But according to author and multi-millionaire tech hedge fund manager, Bruce Cannon Gibney, anyone born between 1946 and 1964 (baby boomers) that are still living are sociopaths.

“There is something wrong with the Boomers and there has been for a long time,” writes Gibney in the forward to A Generation of Sociopaths: How the Baby Boomers Betrayed America and the author’s beatings continue for 400-plus pages.

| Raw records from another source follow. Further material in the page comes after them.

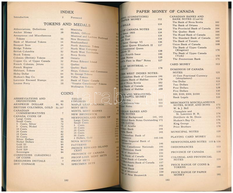 J.E. Charlton: Standard Catalogue of Canadian Coins, Tokens and Paper Money 1974 (Kanadai érmék, zsetonok és papírpénzek katalógusa). 22. javított és bővített kiadás, Charlton International Publishing Inc, Torontó, 1973. Használt, jó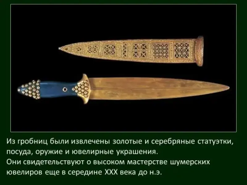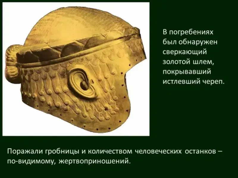 В 1920-х гг. во время раскопок, проводившихся в Уре под руководством английского археолога Леонардо Вулли, были обнаружены многочисленные погребения, в которых оказалось несметное количество ценностей. Экспедиции Вулли удалось найти две не потревоженные грабителями гробницы, находки в которых произвели сенсацию в мире (Слайд 16).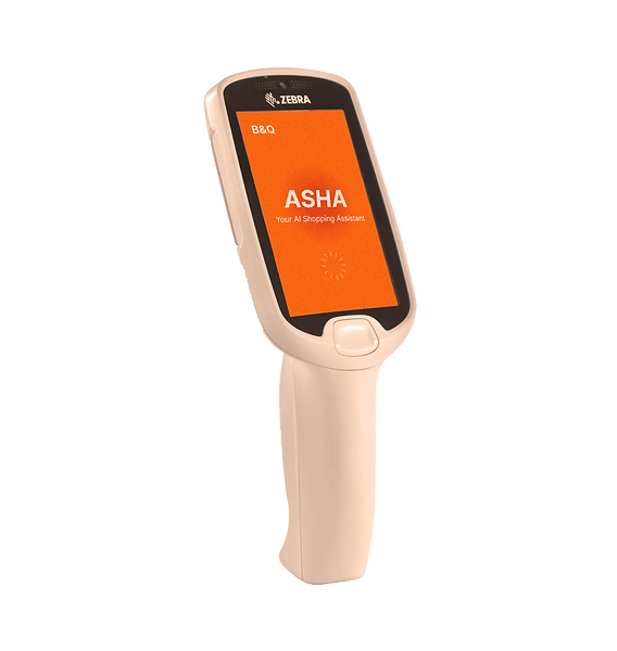 With ASHA, Grzegorz pronounces 'angle ridge tile' in Polish and is led to it by the device. He scans the product and receives at the till.

He doesn’t let any of us Boomers off the hook, but really focuses on “generational representatives like Bill Clinton, Newt Gingrich, George W. Bush, Donald Trump, and Dennis Hastert–a stew of philanderers, draft dodgers, tax avoiders, incompetents, hypocrites, holders of high office censured for ethics violations, a sociopathic sundae whose squalid cherry was provided in 2016 by Hastert’s admission of child molestation, itself a grotesque metaphor for Boomer policies.”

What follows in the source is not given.